For the third time in three years and the second this legislative session, Arizona Democrats tried Tuesday to force a vote on the Equal Rights Amendment in the state legislature.
Once again, Republicans blocked them, along with any real debate on equal pay or other salient aspects of gender equity, effectively killing all chances of the ERA's ratification in Arizona this year.
Representative Pamela Powers Hannley, a Democrat from Tucson, made the motion to bring a resolution to ratify the ERA to a vote. She had to invoke an emergency declaration to do so, because the resolution had never had a first reading in the House.
Then Republican Warren Petersen made a motion to table Powers Hannley's motion.
The representatives voted 31-29 along party lines in favor of Petersen's motion, and what was effectively a procedural motion turned into a final opportunity for lawmakers, over the course of more than an hour, to explain their stances on the Equal Rights Amendment.

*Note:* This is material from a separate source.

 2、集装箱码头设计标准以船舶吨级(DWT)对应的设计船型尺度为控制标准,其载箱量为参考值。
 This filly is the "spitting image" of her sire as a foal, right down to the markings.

"It's about fighting discrimination and structural sexism in the United States," Powers Hannley said in explaining her vote against tabling the motion. In the chamber around her, a handful of white, green, and purple sashes indicating support for the ERA draped across the backs of several representatives' seats.
Other Democrats, like Representatives Randy Frieze and Athena Salman, criticized Republicans for blocking the resolution from going through the legislative process — for never giving it a hearing that would incorporate input from constituents.

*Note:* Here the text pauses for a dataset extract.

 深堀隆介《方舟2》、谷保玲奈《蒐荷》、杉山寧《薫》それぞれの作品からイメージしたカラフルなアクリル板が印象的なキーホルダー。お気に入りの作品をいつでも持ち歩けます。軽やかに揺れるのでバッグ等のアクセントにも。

"This year, the bill didn't even get assigned to committee," Salman said. "The majority party has literally taken women a step backwards in the process." Republicans, she and other Democrats said, should have nothing to fear from giving the ERA a fair shake in the legislative process.
Republicans, both women and men, cited several odd pieces of evidence as proof that actually, women — who, they did not acknowledge, still earn 80.7 percent of what men earn for doing the same work — don't face discrimination in the United States in 2019.
Arizona has the highest number of elected female officials in the country, said Representative Regina Cobb.
"Here we are saying that we are not equal," Cobb said. If Arizona passed the ERA, it would be "setting women backwards," she added, to scoffing and chuckles from a gallery packed with union supporters of the ERA.
Another Republican, Representative Joanne Osborne, interpreted the ERA as a claim that women were not equal to men, rather than as a solution to a well-evidenced problem that under the law, women are fundamentally not treated as equal to men — in workplaces, for one example.
"If any of you on this floor wants to tell me that I'm not equal, then we have a real debate!" she flared.
The Equal Rights Amendment is relatively straightforward. It would change the U.S. Constitution to guarantee equal rights to all citizens regardless of sex. Currently, the Constitution guarantees to both men and women only the right to vote. The Constitution does not provide women with equal protection on the basis of sex.
To advocates, the ERA is crucial in securing equal pay and other forms of equal treatment under the law. But in Arizona, Republicans have stymied efforts for the last three years to ratify the ERA.
In March, after a group of ERA advocates walked a total of 38 miles in three days in metro Phoenix as a show of support, the Senate blocked a procedural move to hear the ERA on the floor. That came after Senator Eddie Farnsworth, a Republican from Gilbert who chairs the Senate Judiciary Committee, refused to allow the bill to be heard in committee.
Constitutional amendments must be ratified by three-fourths of states. In 2019, ERA supporters across the country looked to Arizona to become the 38th state to approve the constitutional amendment, after other states failed to do so. Congress passed the amendment and sent it to the states in 1972. Since then, 37 states have ratified the ERA, although five have since rescinded their ratification.
Dianne Post, one of four steering committee members of the ERA Task Force AZ, a coalition pushing for the amendment's ratification in the state, said in late March the task force would not give up until the session was over.
"Nothing is dead until adjournment," she said, citing the case of Illinois, which in 2018 passed the ERA a day before its legislative session ended. "It ain't over till they adjourn," she said.
In a subsequent interview on Monday, Post still held out hope.
"If we're going to live out the promise of America, of equality for everyone, then we have to have constitutional equality for women," Post said.